Problem statement: The response should contain only those lines of the entries below that include the string "Длина".
*** Opening Data ***
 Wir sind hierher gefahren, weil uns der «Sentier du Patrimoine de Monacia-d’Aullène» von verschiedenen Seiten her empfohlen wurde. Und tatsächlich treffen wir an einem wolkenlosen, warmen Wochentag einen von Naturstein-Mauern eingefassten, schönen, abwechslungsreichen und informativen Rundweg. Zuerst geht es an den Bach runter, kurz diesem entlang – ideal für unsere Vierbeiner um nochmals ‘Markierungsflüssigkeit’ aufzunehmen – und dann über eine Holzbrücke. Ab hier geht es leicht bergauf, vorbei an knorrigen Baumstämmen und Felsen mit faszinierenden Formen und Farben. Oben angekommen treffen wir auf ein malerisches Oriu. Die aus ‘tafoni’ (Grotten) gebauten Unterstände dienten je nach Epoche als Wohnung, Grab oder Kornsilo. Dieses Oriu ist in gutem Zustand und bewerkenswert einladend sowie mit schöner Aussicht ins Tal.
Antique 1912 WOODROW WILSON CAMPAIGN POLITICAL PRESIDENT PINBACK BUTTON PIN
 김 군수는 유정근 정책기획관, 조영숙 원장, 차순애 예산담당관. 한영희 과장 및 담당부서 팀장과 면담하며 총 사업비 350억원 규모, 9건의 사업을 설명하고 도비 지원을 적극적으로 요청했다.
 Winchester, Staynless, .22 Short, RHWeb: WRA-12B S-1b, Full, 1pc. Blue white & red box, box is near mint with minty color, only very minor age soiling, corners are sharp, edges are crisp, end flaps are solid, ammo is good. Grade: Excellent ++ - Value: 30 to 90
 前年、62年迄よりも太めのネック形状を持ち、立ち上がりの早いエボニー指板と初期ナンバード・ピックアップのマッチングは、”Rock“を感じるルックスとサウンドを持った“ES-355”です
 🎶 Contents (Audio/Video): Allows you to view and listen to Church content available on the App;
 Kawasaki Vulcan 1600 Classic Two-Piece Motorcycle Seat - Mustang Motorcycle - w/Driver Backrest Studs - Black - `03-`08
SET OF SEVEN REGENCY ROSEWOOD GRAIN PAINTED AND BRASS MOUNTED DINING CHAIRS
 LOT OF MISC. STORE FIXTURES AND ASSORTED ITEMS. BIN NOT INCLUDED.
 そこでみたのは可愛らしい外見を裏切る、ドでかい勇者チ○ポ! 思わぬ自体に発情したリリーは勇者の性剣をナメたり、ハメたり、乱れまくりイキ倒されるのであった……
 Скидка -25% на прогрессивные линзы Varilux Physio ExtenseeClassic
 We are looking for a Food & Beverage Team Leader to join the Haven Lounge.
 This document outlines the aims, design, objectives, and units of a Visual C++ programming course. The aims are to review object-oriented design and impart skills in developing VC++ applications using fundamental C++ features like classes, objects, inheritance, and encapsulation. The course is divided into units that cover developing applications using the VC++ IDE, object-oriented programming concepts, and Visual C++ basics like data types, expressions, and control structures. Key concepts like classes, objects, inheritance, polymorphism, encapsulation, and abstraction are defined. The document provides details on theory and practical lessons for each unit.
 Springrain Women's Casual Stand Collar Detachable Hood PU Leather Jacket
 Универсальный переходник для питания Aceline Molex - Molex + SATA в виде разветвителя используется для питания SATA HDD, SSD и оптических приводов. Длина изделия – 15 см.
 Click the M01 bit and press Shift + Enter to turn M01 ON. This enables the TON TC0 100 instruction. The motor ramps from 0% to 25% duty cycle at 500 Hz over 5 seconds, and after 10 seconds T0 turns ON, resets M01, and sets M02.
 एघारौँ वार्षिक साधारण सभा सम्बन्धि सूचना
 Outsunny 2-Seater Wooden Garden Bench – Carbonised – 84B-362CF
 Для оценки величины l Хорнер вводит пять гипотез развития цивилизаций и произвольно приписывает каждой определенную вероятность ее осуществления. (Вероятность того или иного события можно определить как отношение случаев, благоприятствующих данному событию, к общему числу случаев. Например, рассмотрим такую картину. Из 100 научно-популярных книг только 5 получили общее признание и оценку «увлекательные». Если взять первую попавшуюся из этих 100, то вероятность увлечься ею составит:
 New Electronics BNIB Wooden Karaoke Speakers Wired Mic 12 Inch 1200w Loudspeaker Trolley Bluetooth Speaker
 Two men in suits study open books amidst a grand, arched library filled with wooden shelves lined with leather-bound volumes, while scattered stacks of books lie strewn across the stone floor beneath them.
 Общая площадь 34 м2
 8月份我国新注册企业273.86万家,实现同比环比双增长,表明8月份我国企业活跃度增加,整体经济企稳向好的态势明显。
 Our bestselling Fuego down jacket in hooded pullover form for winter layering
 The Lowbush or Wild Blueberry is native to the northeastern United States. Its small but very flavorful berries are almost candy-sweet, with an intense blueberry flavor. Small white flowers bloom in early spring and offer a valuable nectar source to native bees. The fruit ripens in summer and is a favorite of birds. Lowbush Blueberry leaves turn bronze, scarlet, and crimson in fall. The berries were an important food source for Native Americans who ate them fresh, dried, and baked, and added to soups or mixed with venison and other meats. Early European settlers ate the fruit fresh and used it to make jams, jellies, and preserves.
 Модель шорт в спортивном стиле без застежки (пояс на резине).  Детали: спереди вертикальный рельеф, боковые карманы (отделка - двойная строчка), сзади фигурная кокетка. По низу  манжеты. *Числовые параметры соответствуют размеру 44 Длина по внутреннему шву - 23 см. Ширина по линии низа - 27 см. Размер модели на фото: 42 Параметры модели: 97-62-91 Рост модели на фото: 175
*** Closing Data ***
Response area:
 Универсальный переходник для питания Aceline Molex - Molex + SATA в виде разветвителя используется для питания SATA HDD, SSD и оптических приводов. Длина изделия – 15 см.
 Модель шорт в спортивном стиле без застежки (пояс на резине).  Детали: спереди вертикальный рельеф, боковые карманы (отделка - двойная строчка), сзади фигурная кокетка. По низу  манжеты. *Числовые параметры соответствуют размеру 44 Длина по внутреннему шву - 23 см. Ширина по линии низа - 27 см. Размер модели на фото: 42 Параметры модели: 97-62-91 Рост модели на фото: 175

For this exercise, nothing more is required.